I’m sorry Jason, it was for the greater good. Via Wikimedia Commons. Credit: KeithAllisonPhoto.com

J-Kidd wasn’t the only system that found its way to the disabled list. That was the point of the whole exercise, to push our systems until they failed. We succeeded. Or failed depending on your point of view.

The next day the team made adjustments. We decoupled systems, implemented failsafes, and returned to the court for game 2. As a result, the 2020 election was the first I can remember where the on-call engineers weren’t on the edge of their seats, white knuckling their keyboards…At least not for system reliability reasons.

Pre-Mortems and Chaos Engineering

We referred to that exercise as a “pre-mortem.” Its conceptual roots can be traced back to the idea of chaos engineering introduced by site reliability engineers.

For those unfamiliar, chaos engineering is a disciplined methodology for intentionally introducing points of failure within systems to better understand their thresholds and improve resilience. 

It was popularized in large part by the success of Netflix’s Simian Army, a suite of programs that would automatically introduce chaos by removing servers, regions, and introduce other points of failure into production. All in the name of reliability and resiliency. 

While this idea isn’t completely foreign to data engineering, it can certainly be described as an extremely uncommon practice. 

No data engineer in their right mind has looked at their to-do list, the unfilled roles on their team, the complexity of their pipelines, and then said: “This needs to be harder. Let’s introduce some chaos.” That may be part of the problem. 

Data teams need to think beyond providing snapshots of data quality to the business and start thinking about how to build and maintain reliable data systems at scale. 

We cannot afford to overlook data’s increasingly large role in critical operations. Just this year, we witnessed how the deletion of one file and an out-of-sync legacy database could ground more than 4,000 flights

Of course, you can’t just copy and paste software engineering concepts straight into data engineering playbooks. Data is different. DataOps tweaks DevOps methodology as data observability does to observability. 

Consider this manifesto then a proposal for how to take the proven concepts of chaos engineering and apply them to the eccentric world of data.

The 5 Laws Of Data Chaos Engineering

The principles and lessons of chaos engineering are a good place to start defining the contours of a data chaos engineering discipline. Our first law combines two of the most important.

First Law: Have a bias for production, but minimize the blast radius

There is a maxim among site reliability engineers that will ring true for every data engineer who has had the pleasure of the same SQL query return two different results across staging and production environments.

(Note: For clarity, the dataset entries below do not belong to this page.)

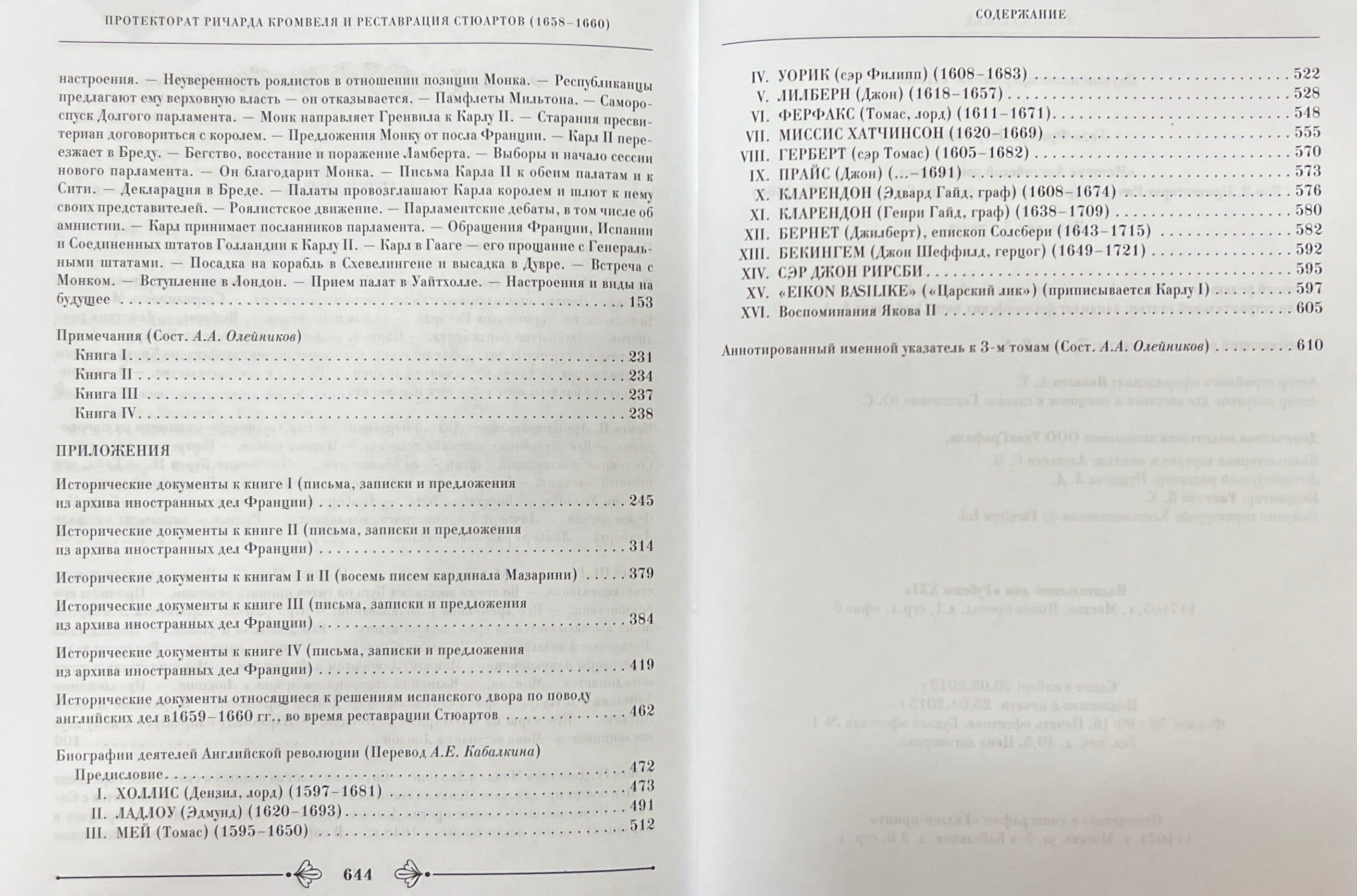 Третий том «Истории Английской революции» Франсуа Гизо содержит описание событий, приведших к краху республиканского правления в Англии в период протектората Ричарда Кромвеля (1658-1659) и завершившихся реставрацией монархии в 1660 г. Издание также включает в себя «Биографии деятелей английской революции», опубликованные Гизо в 1851 г. В приложении содержатся исторические документы, собранные самим Гизо, и непосредственно относящиеся ко времени описываемых событий.
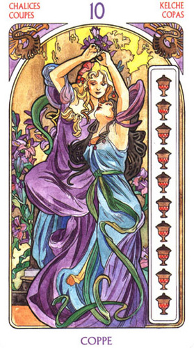 The 10 of Cups is the link to the Swords suit. It is time to leave your own emotions behind and face the world and the tasks ahead.
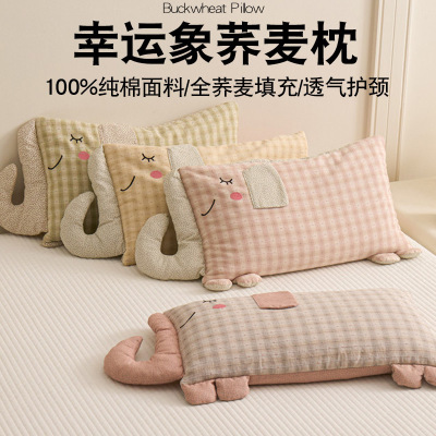 卡通幸运小象枕荞麦枕头单人儿童纯棉草本护颈椎助睡眠低枕芯

That is, “Nothing acts like prod except for prod.”

To that I would add, “production data too.” Data is just too creative and fluid for humans to anticipate. Synthetic data has come a long way, and don’t get me wrong it can be a piece of the puzzle, but it’s unlikely to simulate key edge cases.

Like me, the mere thought of introducing points of failure into production systems probably makes your stomach churn. It’s terrifying. Some data engineers justifiably wonder, “Is this even necessary within a modern data stack where so many tools abstract the underlying infrastructure?”

I’m afraid so. Remember, as the opening anecdote and J-Kidd’s snapped ligaments illustrated, the elasticity of the cloud is not a cure-all.

In fact, it’s that abstraction and opacity–along with the multiple integration points–that make it so important to stress test a modern data stack. An on-premise database may be more limiting, but data teams tend to understand its thresholds as they hit them more regularly during day to day operations.

Let’s move past the philosophical objections for the moment, and dive into the practical. Data is different. Introducing fake data into a system won’t be helpful because the input changes the output. It’s going to get really messy too.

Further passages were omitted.